Just the same, the apes in the film do fit those models.  And so watching them deal with issues that we can relate to ...  it's pretty interesting stuff, even if it is dumbed down for a psuedo-action flick.  In the end, I'd say Dawn walks a fine tight rope between overly sentimental and overly summer blockbuster-ish, and though it leans heavily on the blockbuster side of the equation, it's smarter than many such films of late.  I'd watch it over the latest Teenage Mutant Ninja Turtles.  In fact, given the choice between the two in the Redbox cue, I have done just that.

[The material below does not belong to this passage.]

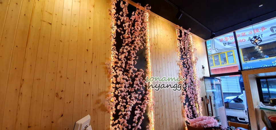 조화 벚꽃까지 연출이 되니 더욱더 분위기가 살아나는 듯한 인테리어로 디자인이 되었습니다.

Dawn of the Planet of the Apes contains action, violence, some minor language (though I confess I missed any strong swearing in it, if it was there) and themes that are better for philosophical debate than for a summer action flick.  I thought it worth the buck and a half from Redbox, and would recommend it over some of the other options available right now.


The parting comment:

I suggest ending this before the very end (I suggest closing it at 1 minute and 45 seconds myself, but it's up to you), where the boy in the video makes an inappropriate comment.  However, as far as cuts of "Planet of the Apes: The Musical" go, this is the best one I found.


R.I.P. Phil Hartman/Troy McClure.  One of my favorite Simpsons characters.